(Source data):
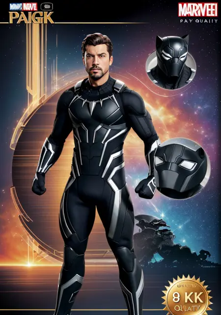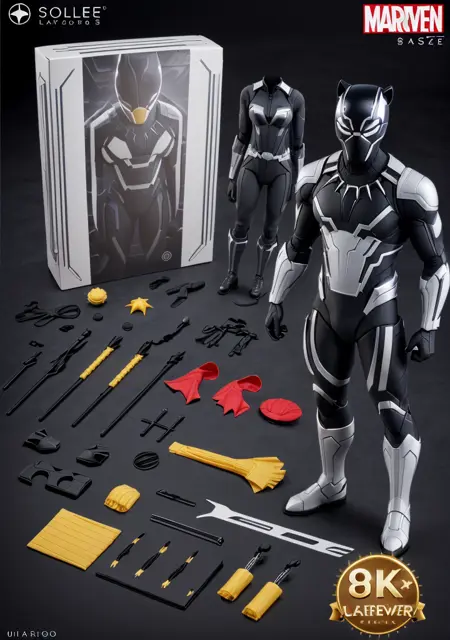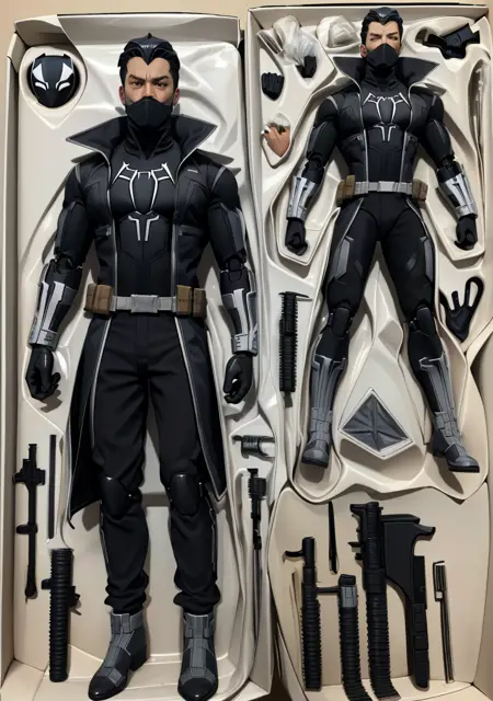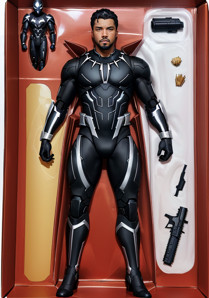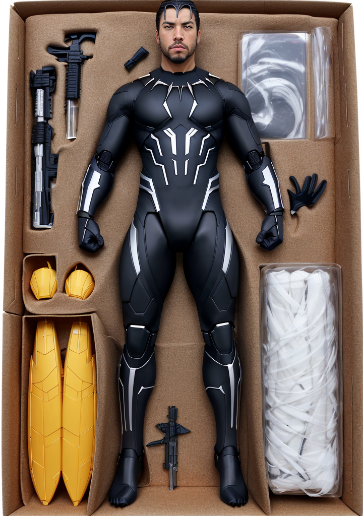 (best quality:1.15), (masterpiece:1.15), (detailed:1.15), (realistic:1.2),premium playset toy box, (8k, ultra quality, masterpiece:1.5), (Dutch angle:1.3), ActionFigureQuiron style, solo, Black Panther (Marvel Comics): Black Panther's sleek black suit is made of a vibranium-infused material and features intricate silver detailing. The suit includes a full-body jumpsuit, clawed gloves, and a mask with cat-like ears. , (plastic toy playset pack), inside gift box,lora:quiron\_ActionFigure\_v2\_Lora:0.95
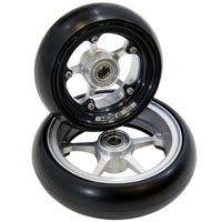 振動吸収性の高い高性能扁平ゴムを採用。タイルやアスファルトの細かい凹凸による不快な振動を和らげてくれます。足元を引き締めるコアはアルミ総削り出し。(ゴム部分のみを交換することも可能です。) ■80・95・105・125mm |
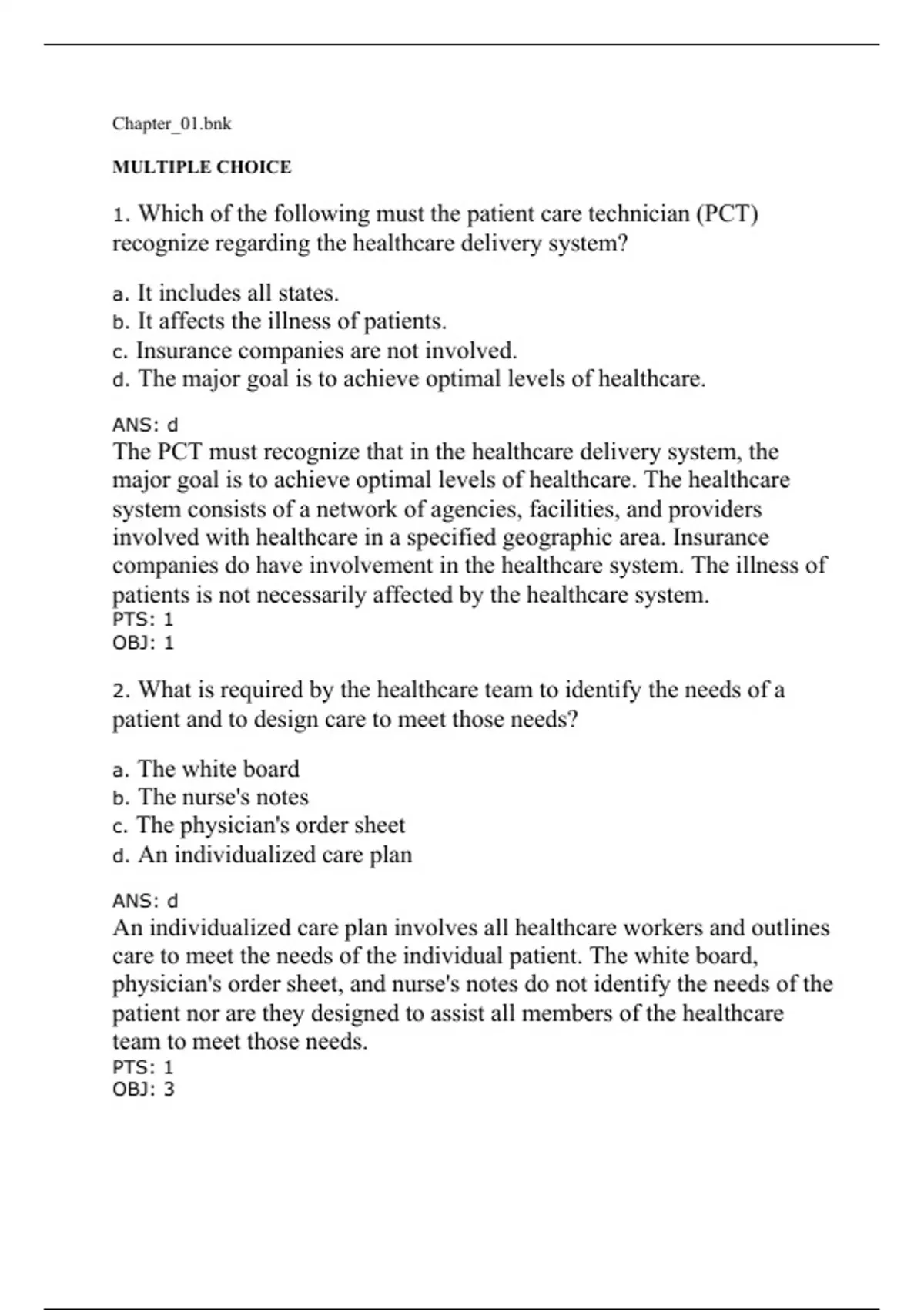 The PCT must recognize that in the healthcare delivery system, the

(Task statement): Once the pictures are removed, copy the listing exactly.

(Exercise solution):
 (best quality:1.15), (masterpiece:1.15), (detailed:1.15), (realistic:1.2),premium playset toy box, (8k, ultra quality, masterpiece:1.5), (Dutch angle:1.3), ActionFigureQuiron style, solo, Black Panther (Marvel Comics): Black Panther's sleek black suit is made of a vibranium-infused material and features intricate silver detailing. The suit includes a full-body jumpsuit, clawed gloves, and a mask with cat-like ears. , (plastic toy playset pack), inside gift box,lora:quiron\_ActionFigure\_v2\_Lora:0.95
 振動吸収性の高い高性能扁平ゴムを採用。タイルやアスファルトの細かい凹凸による不快な振動を和らげてくれます。足元を引き締めるコアはアルミ総削り出し。(ゴム部分のみを交換することも可能です。) ■80・95・105・125mm |
 The PCT must recognize that in the healthcare delivery system, the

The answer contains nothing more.